July 10: Nepal Rastra Bank (NRB) in the monetary policy for the upcoming fiscal year 2017/18 has adopted liquidity management measures to help the government meet economic growth rate target of 7.2 percent in the next fiscal year. However, the line mentioned in the monetary policy and the policy tools adopted for its implementation indicate otherwise. This has led experts to say that the new monetary policy is ‘ambiguous’.

NRB has projected an increase in the total domestic credit by 27.8 percent which will help to meet the targeted economic growth rate in FY2017/18.

“The monetary policy has set the target to increase domestic credit in line with the budget announced by the government,” states the policy, adding, “The ceiling for lending in the private sector has been increased to 20 percent.”

Experts argue that there is need of investment in private sector to meet the target of economic growth.

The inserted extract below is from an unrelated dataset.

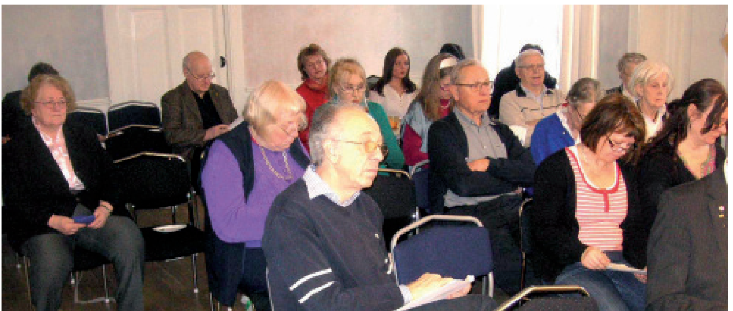
Deltagare på förbundsmötet 25 mars.

However, the monetary policy has failed to take concrete measures to sort out two big challenges that have surfaced in the banking sector at present, according to the experts.

NRB in the monetary policy has dampened the expectations of many who have hoped that the central banking authority would take steps to ease the current difficulties in loan investments of BFIs. The central bank was expected to revise the core-capital-cum-deposit (CCD) ratio, cash reserve ratio (CRR) and statutory liquidity ratio (SLR) to ensure the adequacy of investible capital in the banking sector. But the new monetary policy has even scrapped the facilities that were provided by the mid-term review of the monetary policy of the current fiscal year.

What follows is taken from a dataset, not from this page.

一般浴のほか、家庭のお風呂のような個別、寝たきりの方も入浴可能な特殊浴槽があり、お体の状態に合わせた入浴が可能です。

Bankers say that if the current situation persists and the collection of deposits does not increase significantly, the new arrangement will further curtail the lending capacity of BFIs. 

Stakeholders claim that instead of exploring possibilities of mobilising new sources, NRB has blocked the source of long-term loan investment by lowering the ceiling of deposit.

“The new monetary policy has done nothing but deprived us from the source of loan investment that we had until now,” said a CEO of a bank on condition of anonymity.

Confederation of Nepalese Industries (CNI) issued a press statement saying that the monetary policy failed to create a favorable environment to expand investment in the industrial sector.

Likewise, another challenge in meeting the target of economic growth is the high rate of interest. The wrong step taken by last year’s monetary policy caused scarcity of investible capital resulting in the doubling of rate of interest within six months. Likewise, fluctuation in interest rate has been prevailing due to competition among BFIs to attract depositors.

In such situation, the central bank should have adopted proper measures to create stability in rate of interest to increase investible capital, according to the experts.

In this regard, industrialists and bankers had been demanding revision in CCD ratio and lowering CRR. But instead of addressing these issues, the NRB took tough measures through the new monetary policy.

This indicates that the NRB is only interested in regulating and controlling the BFIs instead of solving the prevailing problems and the steps taken by the central bank won’t be helpful to attract investors, create employment opportunities and meet the target of economic growth, argue experts.

The NRB has also been criticized for taking tough measures instead of adopting traditional means to control inflation. The monetary policy has a target to keep inflation below 7 percent in the upcoming FY. However, economists argue that price stability isn’t possible without economic growth.